Saturday, February 28, 2009

Luke 24

2 comments:

Unknown said...

"Why are you looking for a living person in this place for the dead? He is not here, He is risen from the dead." v5

This pretty much sums up the way I feel when someone dies. Of course there is the horror and shock of separation, but at the same time, I feel more a sense of being "separated" than bereaved. Like, they've gone overseas or to some far away place where I won't be able to see them, but I know they are there and I'm happy for them that they are in such a COOL place while being slightly bummed about my being stuck here. I've seen people get so hung up on the "dead" part that it burdens them beyond measure, maybe it's a coping mechanism of mine but I really do see much more the "destination" aspect of death above and beyond the departure one.

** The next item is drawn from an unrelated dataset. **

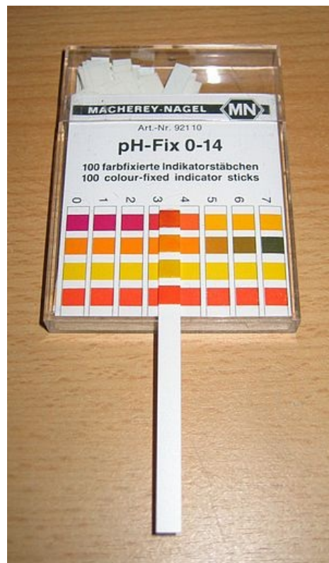
Indikátorový papírek pro orientační stanovení pH

Běžné pH-metry jsou elektronické voltmetry s velkým vnitřním odporem, které měří s přesností setin jednotek pH; citlivější přístroje mohou dosahovat přesnosti desetkrát větší, používají se k měření pH krve v klinicko-biochemických laboratořích.

The experience of the two on the road to Emmaus always makes me think how much our paradigms shape our "vision". They just weren't EXPECTING Jesus to die, obviously weren't EXPECTING him to show up on the road now... had entertained certain notions of how everything would turn out, and now that all that had been blown out of the water they didn't know black from white anymore. Makes me want to be really careful to not become SO sure of the way I think things are supposed to be, that I'm not open and aware of who God is and what He is doing around me which may be VERY different from what I expect.

Then Jesus opened their minds so they could understand the Scriptures. v45

This is so tender and beautiful. I want Him to sit down and do the same for me, and He does, when my heart shows up, He is always delighted to oblige.

Berry Girl said...

I love this:
v32 "Did not our heart burn within us while He talked with us on the road, and while He opened the Scriptures to us?"

I can almost relate - I love it when someone "opens up the scriptures" to me, shows me something that I didn't know or hadn't understood or hadn't noticed before. I love that flash of understanding - that "OH!"/burning heart moment. I can only imagine how much more powerful that burning heart feeling would have been for them, being taught by Christ Himself.